:: WHAT TO PRODUCE ::
Exact reproduction of all the data is required, with pictures excluded.
[[ SUPPLIED INFORMATION open ]]
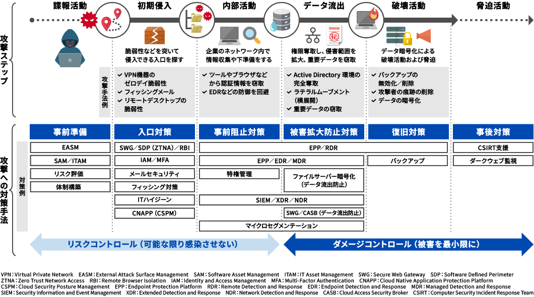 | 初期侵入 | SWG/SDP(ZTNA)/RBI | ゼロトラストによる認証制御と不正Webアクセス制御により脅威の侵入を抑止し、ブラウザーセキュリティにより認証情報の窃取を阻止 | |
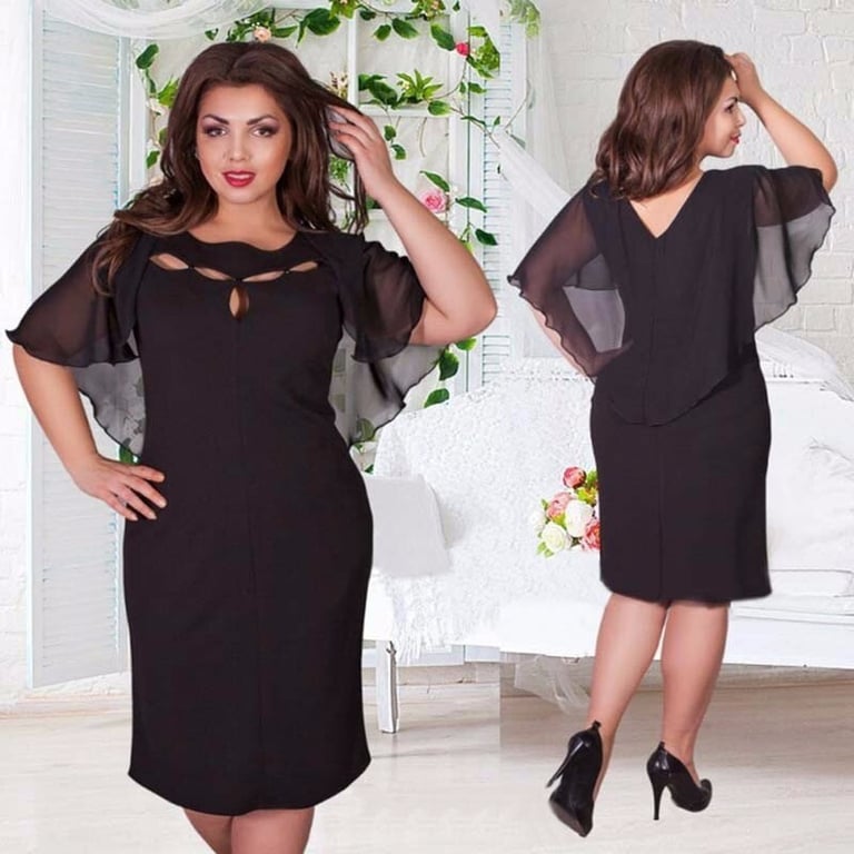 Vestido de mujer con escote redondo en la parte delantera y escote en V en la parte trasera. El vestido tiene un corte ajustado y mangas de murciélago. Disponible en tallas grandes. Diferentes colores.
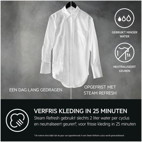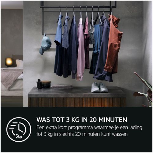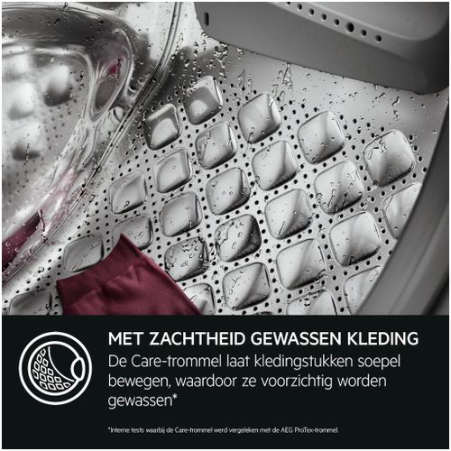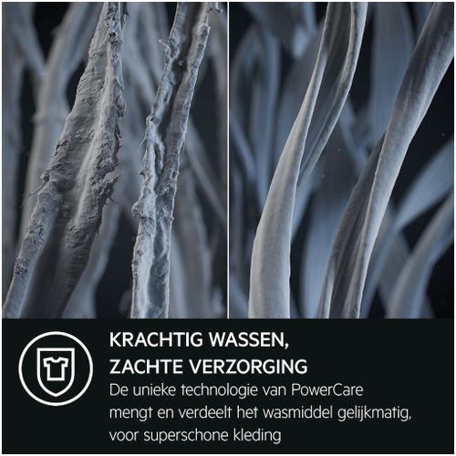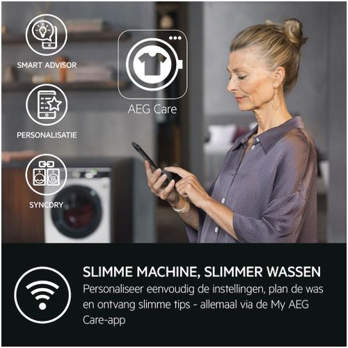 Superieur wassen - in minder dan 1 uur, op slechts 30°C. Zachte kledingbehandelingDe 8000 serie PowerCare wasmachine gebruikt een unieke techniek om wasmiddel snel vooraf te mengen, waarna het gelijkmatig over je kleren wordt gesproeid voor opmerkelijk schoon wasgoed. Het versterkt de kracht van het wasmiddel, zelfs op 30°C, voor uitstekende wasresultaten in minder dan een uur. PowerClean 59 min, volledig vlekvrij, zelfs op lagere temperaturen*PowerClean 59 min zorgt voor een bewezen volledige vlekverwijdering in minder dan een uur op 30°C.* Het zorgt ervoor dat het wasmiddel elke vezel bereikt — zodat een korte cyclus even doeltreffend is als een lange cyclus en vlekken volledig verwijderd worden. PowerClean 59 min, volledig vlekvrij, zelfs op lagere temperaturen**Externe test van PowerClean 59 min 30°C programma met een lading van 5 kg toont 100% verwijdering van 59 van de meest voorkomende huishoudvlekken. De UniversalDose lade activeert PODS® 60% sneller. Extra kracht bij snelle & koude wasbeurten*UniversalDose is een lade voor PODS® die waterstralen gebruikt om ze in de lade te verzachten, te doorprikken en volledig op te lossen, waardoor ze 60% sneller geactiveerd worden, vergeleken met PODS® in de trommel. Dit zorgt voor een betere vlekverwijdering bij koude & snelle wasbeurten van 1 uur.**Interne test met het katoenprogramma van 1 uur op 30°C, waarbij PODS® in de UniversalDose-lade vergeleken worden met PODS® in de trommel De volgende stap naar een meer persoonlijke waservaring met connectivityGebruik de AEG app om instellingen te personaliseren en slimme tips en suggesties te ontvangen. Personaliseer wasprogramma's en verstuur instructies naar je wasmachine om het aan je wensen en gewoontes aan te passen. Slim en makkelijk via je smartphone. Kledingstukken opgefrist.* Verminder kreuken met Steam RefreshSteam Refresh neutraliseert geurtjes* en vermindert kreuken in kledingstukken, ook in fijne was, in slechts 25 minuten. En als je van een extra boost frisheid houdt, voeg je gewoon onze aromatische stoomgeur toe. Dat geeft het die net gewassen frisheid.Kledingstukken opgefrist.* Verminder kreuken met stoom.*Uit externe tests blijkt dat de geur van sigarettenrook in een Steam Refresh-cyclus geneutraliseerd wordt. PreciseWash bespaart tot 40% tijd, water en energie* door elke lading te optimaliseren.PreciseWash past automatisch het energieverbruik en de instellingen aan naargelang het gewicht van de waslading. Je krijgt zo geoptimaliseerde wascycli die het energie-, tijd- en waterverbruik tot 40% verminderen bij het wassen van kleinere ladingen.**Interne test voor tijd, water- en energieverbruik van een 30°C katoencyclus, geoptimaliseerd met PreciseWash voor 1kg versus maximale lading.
[[ SUPPLIED INFORMATION closed ]]
:: EXERCISE SOLUTION ::
 | 初期侵入 | SWG/SDP(ZTNA)/RBI | ゼロトラストによる認証制御と不正Webアクセス制御により脅威の侵入を抑止し、ブラウザーセキュリティにより認証情報の窃取を阻止 | |
 Vestido de mujer con escote redondo en la parte delantera y escote en V en la parte trasera. El vestido tiene un corte ajustado y mangas de murciélago. Disponible en tallas grandes. Diferentes colores.
 Superieur wassen - in minder dan 1 uur, op slechts 30°C. Zachte kledingbehandelingDe 8000 serie PowerCare wasmachine gebruikt een unieke techniek om wasmiddel snel vooraf te mengen, waarna het gelijkmatig over je kleren wordt gesproeid voor opmerkelijk schoon wasgoed. Het versterkt de kracht van het wasmiddel, zelfs op 30°C, voor uitstekende wasresultaten in minder dan een uur. PowerClean 59 min, volledig vlekvrij, zelfs op lagere temperaturen*PowerClean 59 min zorgt voor een bewezen volledige vlekverwijdering in minder dan een uur op 30°C.* Het zorgt ervoor dat het wasmiddel elke vezel bereikt — zodat een korte cyclus even doeltreffend is als een lange cyclus en vlekken volledig verwijderd worden. PowerClean 59 min, volledig vlekvrij, zelfs op lagere temperaturen**Externe test van PowerClean 59 min 30°C programma met een lading van 5 kg toont 100% verwijdering van 59 van de meest voorkomende huishoudvlekken. De UniversalDose lade activeert PODS® 60% sneller. Extra kracht bij snelle & koude wasbeurten*UniversalDose is een lade voor PODS® die waterstralen gebruikt om ze in de lade te verzachten, te doorprikken en volledig op te lossen, waardoor ze 60% sneller geactiveerd worden, vergeleken met PODS® in de trommel. Dit zorgt voor een betere vlekverwijdering bij koude & snelle wasbeurten van 1 uur.**Interne test met het katoenprogramma van 1 uur op 30°C, waarbij PODS® in de UniversalDose-lade vergeleken worden met PODS® in de trommel De volgende stap naar een meer persoonlijke waservaring met connectivityGebruik de AEG app om instellingen te personaliseren en slimme tips en suggesties te ontvangen. Personaliseer wasprogramma's en verstuur instructies naar je wasmachine om het aan je wensen en gewoontes aan te passen. Slim en makkelijk via je smartphone. Kledingstukken opgefrist.* Verminder kreuken met Steam RefreshSteam Refresh neutraliseert geurtjes* en vermindert kreuken in kledingstukken, ook in fijne was, in slechts 25 minuten. En als je van een extra boost frisheid houdt, voeg je gewoon onze aromatische stoomgeur toe. Dat geeft het die net gewassen frisheid.Kledingstukken opgefrist.* Verminder kreuken met stoom.*Uit externe tests blijkt dat de geur van sigarettenrook in een Steam Refresh-cyclus geneutraliseerd wordt. PreciseWash bespaart tot 40% tijd, water en energie* door elke lading te optimaliseren.PreciseWash past automatisch het energieverbruik en de instellingen aan naargelang het gewicht van de waslading. Je krijgt zo geoptimaliseerde wascycli die het energie-, tijd- en waterverbruik tot 40% verminderen bij het wassen van kleinere ladingen.**Interne test voor tijd, water- en energieverbruik van een 30°C katoencyclus, geoptimaliseerd met PreciseWash voor 1kg versus maximale lading.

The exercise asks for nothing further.